It really isn't. The argument has nothing to do with wanting the old FTL back, so stop strawmanning. It's a complete misrepresentation of the argument to say that wanting FTL inhibitors to work differently is equivalent to wanting multiple types of FTL back.
It has to do with it in that case :
Outright removing planetary FTL inhibitors would make sniping shipyards possible again, with nearly as much efficiency as if you had warp.
Regarding the proposal to make the inhibition a FTL debuff instead of the obligation of landing armies, it is trading a timer for another so I would ask why even bother?
And yes, planetary FTL inhibitors are blockers - they block all hyperlanes from being used except the one used to enter the system.
Only if you refuse to land those damn armies. An enemy fleet will be as much a blocker if you don't send yours.
I don't think you understand that having to follow the hyperlane network means that the defender can set-up effective chokepoints. That's the whole point of the reason hyperlane network was chosen to be the default FTL.
Getting a fortress at mid-way between a foe and a target on a n hyperlanes path is as effective as getting the same fortress at the target location against a foe with warp. Or less if the target has defensive abilities.
I don't appreciate the imagery in that message - why are you talking about choking someone, and me in particular? That really has no bearing on our discussion about a game?
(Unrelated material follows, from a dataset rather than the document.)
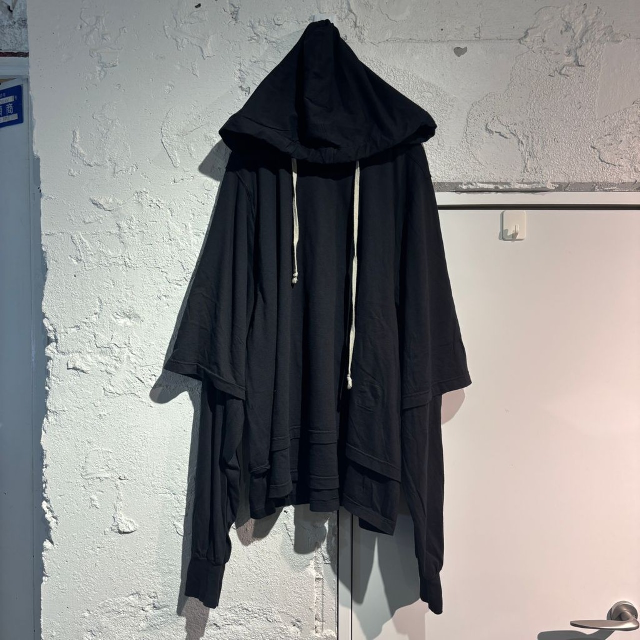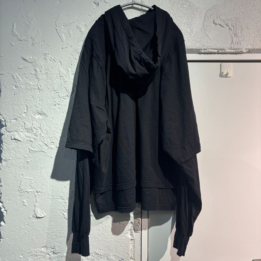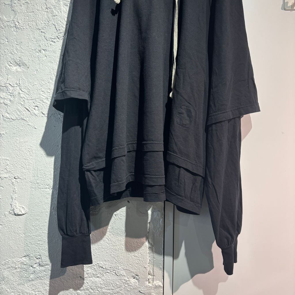 Rick Owens DRKSHDW リックオウエンス ダークシャドウ Huster Layered Hoodie レイヤードフーディー パーカー DU02A3281-RN ブラック size:M【表参道A11】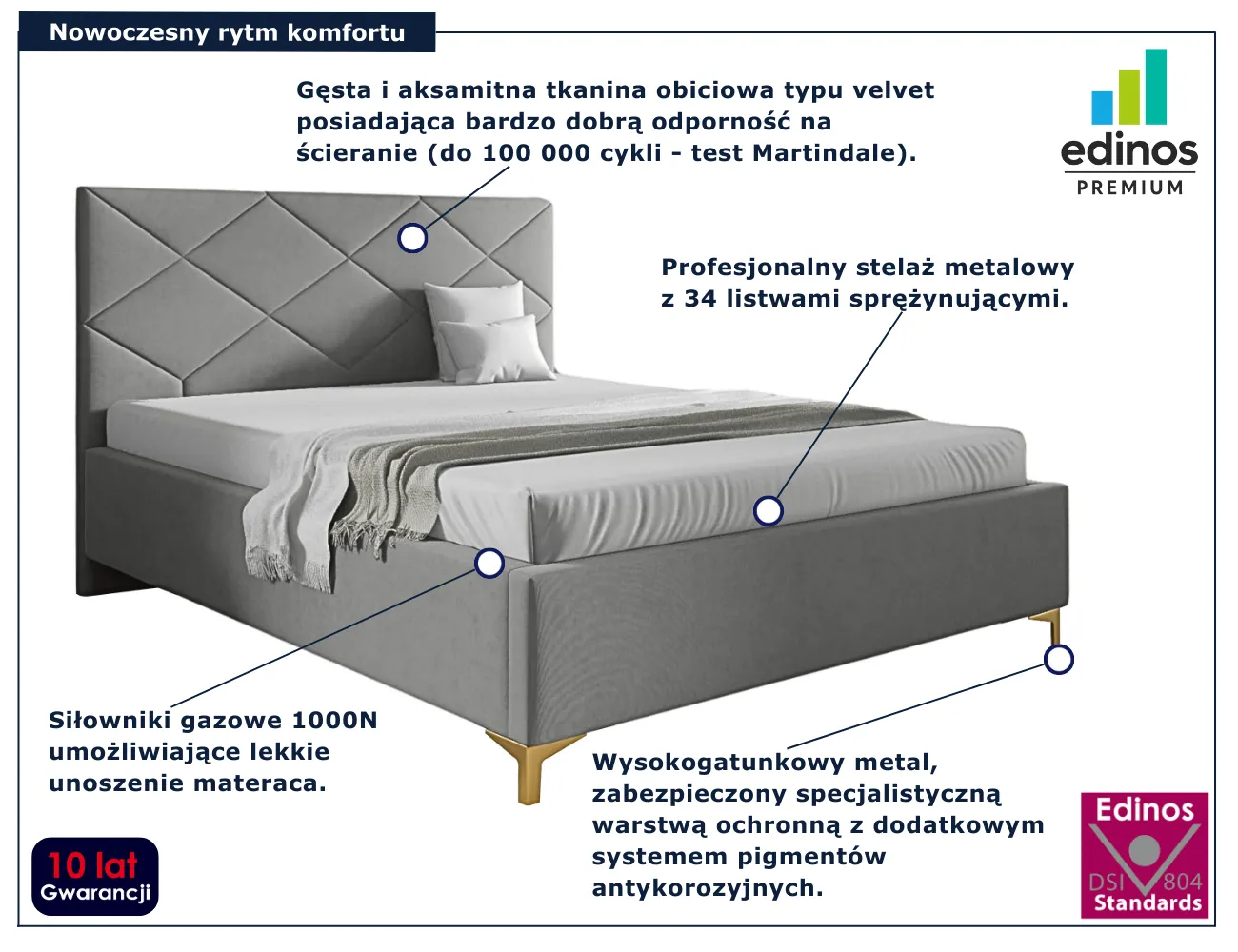 • Produkt posiada certyfikat jakości "Edinos Standards DSI 804", który potwierdza najwyższą jakość wykonania mebla oraz pełny stopień zgodności poszczególnych jednostek wytworzonego wyrobu z przyjętym wzorcem.

Could be anyone's throat really, including mine. I found the image amusing since speaking about a game's chokepoints, the example demonstrate how a chokepoint can be used to inhibit 100% of something, which you seem to still not be willing to allow. But I guess this is too serious a topic.
By the way, nozzles actually increase flow rate of the flowing fluid.
Nozzles increase velocity, not flow rate of a fluid. You're creating energy out of thin air and I should "brush up on my basic physics"? By the way the fluid is said to be "choked" in the "noozzle's throat". See the link?
Further, with regard to semantics, the word we are talking about is inhibit, not chokepoint, or had you forgotten that?
Yes, but in the overall context of chokepoints. How would it bear on our discussion about a game otherwise? I was not playing grammar nazi you know? But you seem to have difficulties to grasp that a chokepoint can and must be used by the defender to try and apply any kind of inhibition at disposal, ideally up to 100% to prevent, slow down at worse, the enemy from further advancing.
I don't think you know what a strawman is.
Telling me spartans at Thermopylae could not do anything about the battle at Salamis because they are foot soldiers, not naval ships, to prove me wrong, conveniently disregarding that only tech level and equipment prevented them to do such a thing, is clearly not a strawman.